TASK
Your output should be an exact copy of the records, with no pictures in it.

MATERIALS PROVIDED

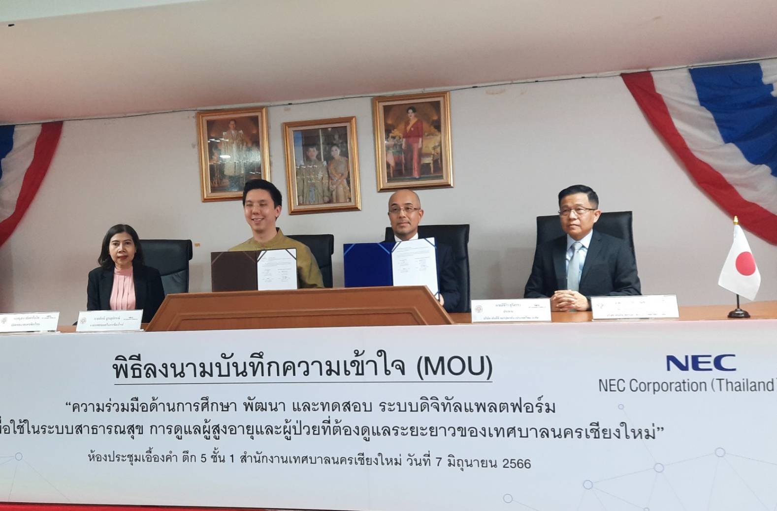 วันที่ 7 มิถุนายน 2566 ที่สำนักงานเทศบาลนครเชียงใหม่ ได้มีการลงนามบันทึกความร่วมมือ (MOU) ด้านการศึกษา พัฒนา และทดสอบ ระบบดิจิทัลแพลตฟอร์มเพื่อใช้ในระบบสาธารณสุขการดูแลผู้สูงอายุและผู้ป่วยที่ต้องดูแลระยะยาว ระหว่าง เทศบาลนครเชียงใหม่ และ บริษัท เอ็นอีซี คอร์ปอเรชั่น (ประเทศไทย) จำกัด โดยมีนายอัศนี บูรณุปกรณ์ นายกเทศมนตรีนครเชียงใหม่ เป็นประธานในพิธีและร่วมลงนาม กับนายอิชิโร่ คูริฮารา ประธานกรรมการบริหาร พร้อมด้วย นางนุสรา ยันตรโกวิท ปลัดเทศบาลนครเชียงใหม่, นายอิสรา โกยวาณิชย์ ผู้ช่วยกรรมการบริหาร เอ็นอีซี ประเทศไทย
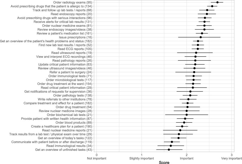 Methods: Physicians of three prominent Norwegian hospitals participated in the survey. They were asked, in an online questionnaire, how well the hospital's electronic health record system DIPS supported 49 clinical tasks as well as how satisfied they were with the system in general, including the technical performance. Two hundred and eight of 402 physicians (52%) submitted a completely answered questionnaire.
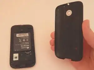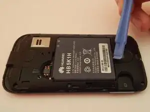 Вставьте пластиковый открывающий инструмент в зазор между камерой и батареей.
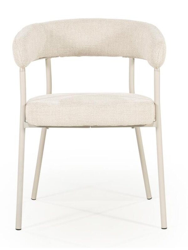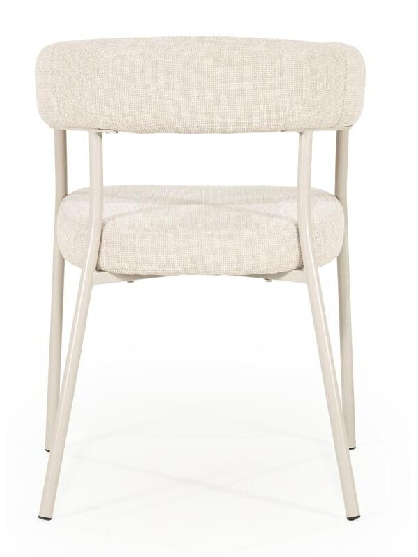 Met eetkamerstoel Yara breng je stijl en comfort naar je eethoek. De ronde rugleuning en het zachte, stevige zitkussen zorgen voor een comfortabele zit, terwijl het slanke metalen frame een moderne uitstraling geeft. Wat Yara extra bijzonder maakt, is dat het metalen frame perfect matcht met de kleur van de bekleding. Dit zorgt voor een mooi samenhangend geheel.
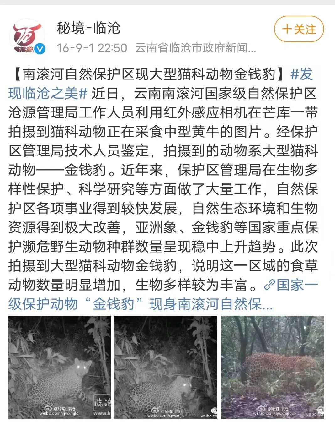 2016年9月1日,微博號“秘境-臨滄”發佈信息:雲南南滾河國家級自然保護區滄源管理局工作人員利用紅外感應相機在芒庫一帶拍攝到貓科動物正在採食中型黃牛的圖片。經保護區管理局技術人員鑑定,拍攝到的動物系大型貓科動物——金錢豹。
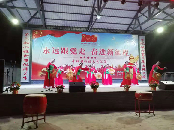 6月30日,由保康县财政局全力协调,台子包村、庹家坪村、岗子村和瓦房滩村联合举办的“永远跟党走.奋进新征程”庆祝中国共产党成立100周年文艺晚会在台子包村党群服务中隆重举行,把驻村的党史学习教育推向高潮。

WORKED SOLUTION
 วันที่ 7 มิถุนายน 2566 ที่สำนักงานเทศบาลนครเชียงใหม่ ได้มีการลงนามบันทึกความร่วมมือ (MOU) ด้านการศึกษา พัฒนา และทดสอบ ระบบดิจิทัลแพลตฟอร์มเพื่อใช้ในระบบสาธารณสุขการดูแลผู้สูงอายุและผู้ป่วยที่ต้องดูแลระยะยาว ระหว่าง เทศบาลนครเชียงใหม่ และ บริษัท เอ็นอีซี คอร์ปอเรชั่น (ประเทศไทย) จำกัด โดยมีนายอัศนี บูรณุปกรณ์ นายกเทศมนตรีนครเชียงใหม่ เป็นประธานในพิธีและร่วมลงนาม กับนายอิชิโร่ คูริฮารา ประธานกรรมการบริหาร พร้อมด้วย นางนุสรา ยันตรโกวิท ปลัดเทศบาลนครเชียงใหม่, นายอิสรา โกยวาณิชย์ ผู้ช่วยกรรมการบริหาร เอ็นอีซี ประเทศไทย
 Methods: Physicians of three prominent Norwegian hospitals participated in the survey. They were asked, in an online questionnaire, how well the hospital's electronic health record system DIPS supported 49 clinical tasks as well as how satisfied they were with the system in general, including the technical performance. Two hundred and eight of 402 physicians (52%) submitted a completely answered questionnaire.
 Вставьте пластиковый открывающий инструмент в зазор между камерой и батареей.
 Met eetkamerstoel Yara breng je stijl en comfort naar je eethoek. De ronde rugleuning en het zachte, stevige zitkussen zorgen voor een comfortabele zit, terwijl het slanke metalen frame een moderne uitstraling geeft. Wat Yara extra bijzonder maakt, is dat het metalen frame perfect matcht met de kleur van de bekleding. Dit zorgt voor een mooi samenhangend geheel.
 2016年9月1日,微博號“秘境-臨滄”發佈信息:雲南南滾河國家級自然保護區滄源管理局工作人員利用紅外感應相機在芒庫一帶拍攝到貓科動物正在採食中型黃牛的圖片。經保護區管理局技術人員鑑定,拍攝到的動物系大型貓科動物——金錢豹。
 6月30日,由保康县财政局全力协调,台子包村、庹家坪村、岗子村和瓦房滩村联合举办的“永远跟党走.奋进新征程”庆祝中国共产党成立100周年文艺晚会在台子包村党群服务中隆重举行,把驻村的党史学习教育推向高潮。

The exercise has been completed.